WHAT THE TASK REQUIRES:
Somewhere below, one line contains "Walk to Lake" and a later line contains "With its bold". Output those two lines and everything between them exactly, and nothing else.

LISTED ENTRIES:
BEGIN
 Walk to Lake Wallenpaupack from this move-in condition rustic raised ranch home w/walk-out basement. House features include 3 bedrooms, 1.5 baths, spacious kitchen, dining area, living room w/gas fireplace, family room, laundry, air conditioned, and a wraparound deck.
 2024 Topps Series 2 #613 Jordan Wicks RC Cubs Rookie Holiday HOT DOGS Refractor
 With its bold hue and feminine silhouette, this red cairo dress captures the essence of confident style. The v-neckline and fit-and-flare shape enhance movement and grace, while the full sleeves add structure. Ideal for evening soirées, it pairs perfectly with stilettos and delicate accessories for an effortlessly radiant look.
END
BEGIN
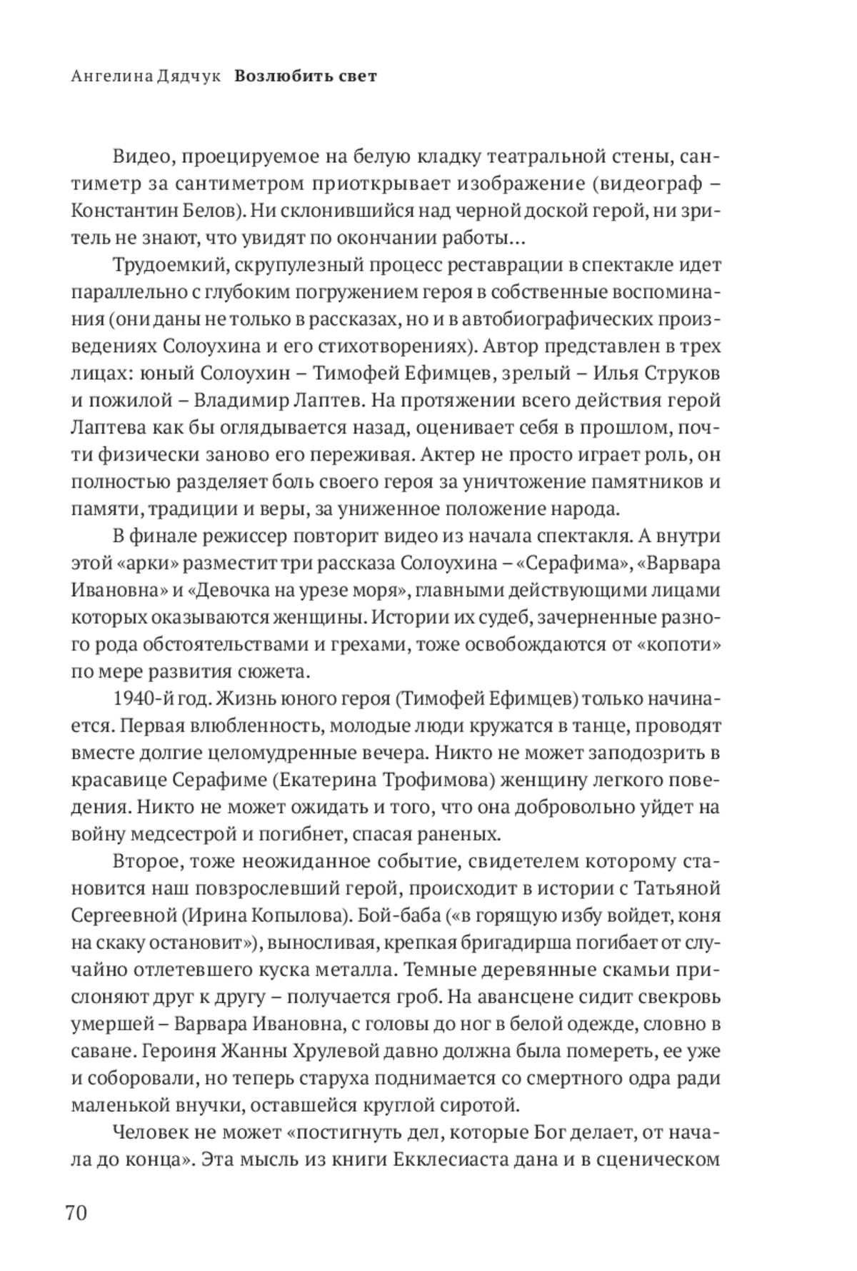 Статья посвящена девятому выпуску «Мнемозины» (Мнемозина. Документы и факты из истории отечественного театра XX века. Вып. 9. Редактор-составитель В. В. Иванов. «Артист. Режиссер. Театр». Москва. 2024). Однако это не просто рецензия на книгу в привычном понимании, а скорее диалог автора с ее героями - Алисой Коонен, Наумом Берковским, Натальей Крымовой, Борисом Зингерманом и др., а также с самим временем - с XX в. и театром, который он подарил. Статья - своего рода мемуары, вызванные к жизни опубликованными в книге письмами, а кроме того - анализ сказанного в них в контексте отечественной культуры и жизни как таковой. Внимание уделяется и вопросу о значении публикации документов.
END
OUTPUT OF THE EXERCISE:
 Walk to Lake Wallenpaupack from this move-in condition rustic raised ranch home w/walk-out basement. House features include 3 bedrooms, 1.5 baths, spacious kitchen, dining area, living room w/gas fireplace, family room, laundry, air conditioned, and a wraparound deck.
 2024 Topps Series 2 #613 Jordan Wicks RC Cubs Rookie Holiday HOT DOGS Refractor
 With its bold hue and feminine silhouette, this red cairo dress captures the essence of confident style. The v-neckline and fit-and-flare shape enhance movement and grace, while the full sleeves add structure. Ideal for evening soirées, it pairs perfectly with stilettos and delicate accessories for an effortlessly radiant look.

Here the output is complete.